*** Stored data ***
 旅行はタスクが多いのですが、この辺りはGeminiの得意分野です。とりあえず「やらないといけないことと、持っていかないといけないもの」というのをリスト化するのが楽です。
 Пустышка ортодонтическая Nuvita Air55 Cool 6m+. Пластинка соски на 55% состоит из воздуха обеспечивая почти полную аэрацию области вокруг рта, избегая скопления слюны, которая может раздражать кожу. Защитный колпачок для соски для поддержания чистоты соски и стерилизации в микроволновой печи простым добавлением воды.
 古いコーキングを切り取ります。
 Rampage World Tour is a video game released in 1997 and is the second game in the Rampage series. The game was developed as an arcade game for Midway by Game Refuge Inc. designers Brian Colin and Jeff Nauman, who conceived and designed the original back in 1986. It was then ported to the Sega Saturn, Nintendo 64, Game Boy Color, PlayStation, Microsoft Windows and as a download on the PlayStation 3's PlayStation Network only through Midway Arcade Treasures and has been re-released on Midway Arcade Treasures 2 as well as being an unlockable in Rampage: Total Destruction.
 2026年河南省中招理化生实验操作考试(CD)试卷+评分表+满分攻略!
*** End of Stored data ***
*** Stored data ***
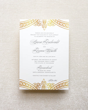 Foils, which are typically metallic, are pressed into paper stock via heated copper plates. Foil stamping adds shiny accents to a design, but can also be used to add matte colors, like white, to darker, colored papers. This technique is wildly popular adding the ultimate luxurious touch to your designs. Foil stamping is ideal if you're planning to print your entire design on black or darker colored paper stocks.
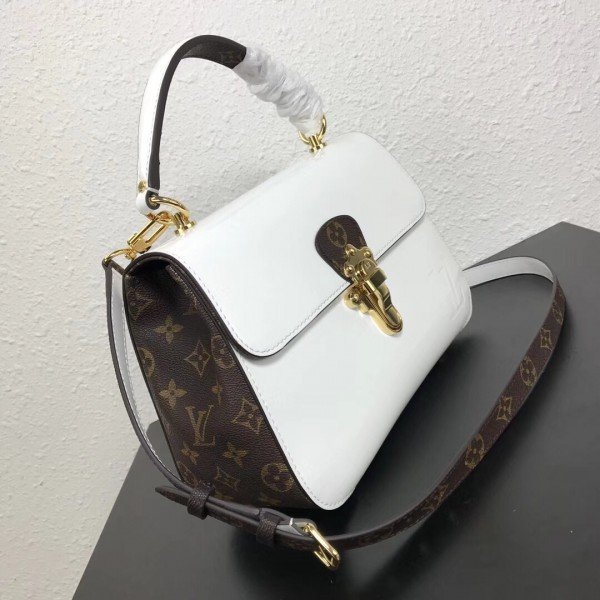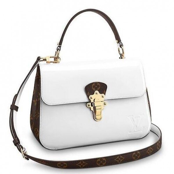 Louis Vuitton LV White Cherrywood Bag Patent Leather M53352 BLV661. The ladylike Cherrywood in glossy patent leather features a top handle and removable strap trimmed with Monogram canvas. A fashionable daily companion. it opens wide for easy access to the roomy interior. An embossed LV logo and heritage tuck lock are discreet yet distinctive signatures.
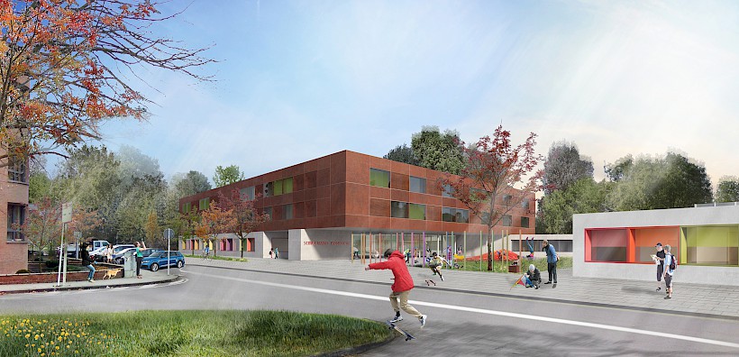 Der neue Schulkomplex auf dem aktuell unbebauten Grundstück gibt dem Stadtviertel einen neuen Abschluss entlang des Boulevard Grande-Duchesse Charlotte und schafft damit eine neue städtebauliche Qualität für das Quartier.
*** End of Stored data ***
Work task: The response must hold only the lines above from the line with "旅行はタスクが多いのですが、" through the line with "古いコーキングを切り取ります。", each copied exactly, both ends kept.

Task solution:
 旅行はタスクが多いのですが、この辺りはGeminiの得意分野です。とりあえず「やらないといけないことと、持っていかないといけないもの」というのをリスト化するのが楽です。
 Пустышка ортодонтическая Nuvita Air55 Cool 6m+. Пластинка соски на 55% состоит из воздуха обеспечивая почти полную аэрацию области вокруг рта, избегая скопления слюны, которая может раздражать кожу. Защитный колпачок для соски для поддержания чистоты соски и стерилизации в микроволновой печи простым добавлением воды.
 古いコーキングを切り取ります。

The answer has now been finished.